Beginning at the line that contains "辛い物好きな友人とローカルな四川料理屋で最後の〆に頼んだ「干橇面」。" and finishing at the line that contains "O Flamengo pode", output the data below exactly. Include both end lines and no pictures.

_Information shown:_

*****

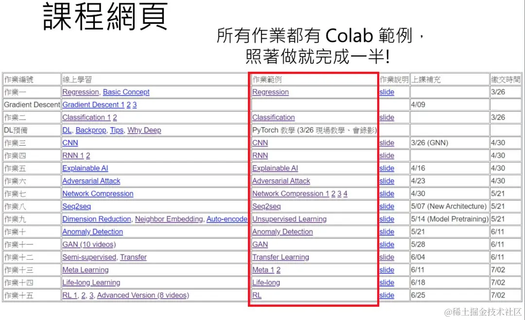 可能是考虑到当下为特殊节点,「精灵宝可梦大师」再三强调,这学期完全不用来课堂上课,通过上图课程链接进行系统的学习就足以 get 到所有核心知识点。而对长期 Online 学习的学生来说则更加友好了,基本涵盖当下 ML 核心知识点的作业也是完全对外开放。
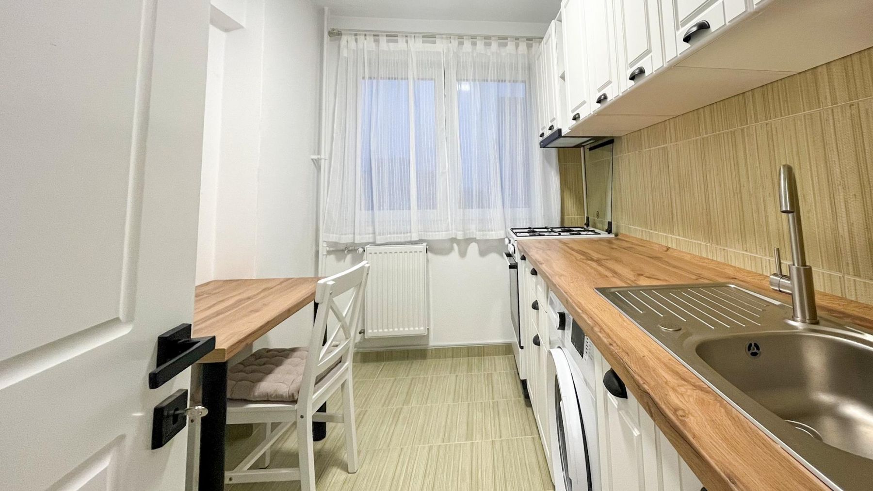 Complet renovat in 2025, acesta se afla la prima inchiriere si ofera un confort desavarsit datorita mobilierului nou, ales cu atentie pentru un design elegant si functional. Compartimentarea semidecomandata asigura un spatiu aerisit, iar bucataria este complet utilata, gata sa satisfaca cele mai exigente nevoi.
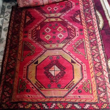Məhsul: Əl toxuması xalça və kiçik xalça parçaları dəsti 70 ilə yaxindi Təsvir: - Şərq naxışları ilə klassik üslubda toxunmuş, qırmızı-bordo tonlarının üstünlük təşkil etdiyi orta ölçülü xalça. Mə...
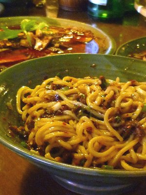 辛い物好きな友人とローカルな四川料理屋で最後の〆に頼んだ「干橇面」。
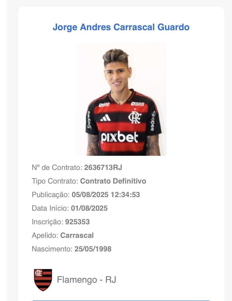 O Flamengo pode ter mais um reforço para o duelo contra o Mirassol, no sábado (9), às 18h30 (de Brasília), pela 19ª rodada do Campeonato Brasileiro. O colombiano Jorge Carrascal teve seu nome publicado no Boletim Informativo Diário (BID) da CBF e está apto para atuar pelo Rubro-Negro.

*****

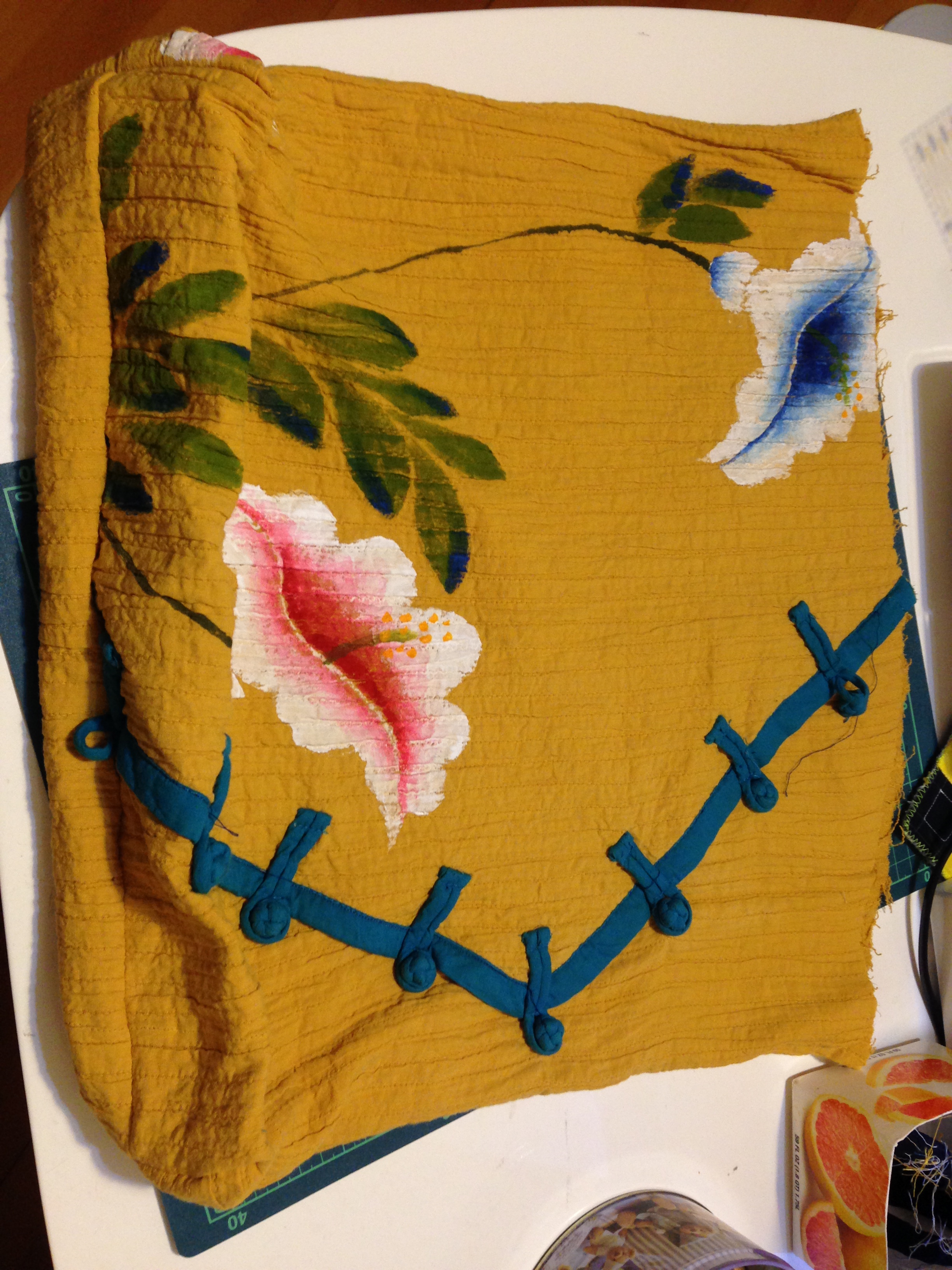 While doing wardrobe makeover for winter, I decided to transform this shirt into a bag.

*****

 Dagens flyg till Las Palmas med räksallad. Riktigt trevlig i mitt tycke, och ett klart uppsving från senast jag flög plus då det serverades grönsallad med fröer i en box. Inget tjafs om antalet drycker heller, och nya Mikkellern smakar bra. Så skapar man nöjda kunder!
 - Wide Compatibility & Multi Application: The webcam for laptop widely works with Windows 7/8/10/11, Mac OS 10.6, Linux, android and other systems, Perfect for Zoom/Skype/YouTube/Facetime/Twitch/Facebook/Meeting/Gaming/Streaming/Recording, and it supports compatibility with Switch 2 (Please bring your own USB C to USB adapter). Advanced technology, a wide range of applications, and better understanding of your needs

*****

_Solution:_
 辛い物好きな友人とローカルな四川料理屋で最後の〆に頼んだ「干橇面」。
 O Flamengo pode ter mais um reforço para o duelo contra o Mirassol, no sábado (9), às 18h30 (de Brasília), pela 19ª rodada do Campeonato Brasileiro. O colombiano Jorge Carrascal teve seu nome publicado no Boletim Informativo Diário (BID) da CBF e está apto para atuar pelo Rubro-Negro.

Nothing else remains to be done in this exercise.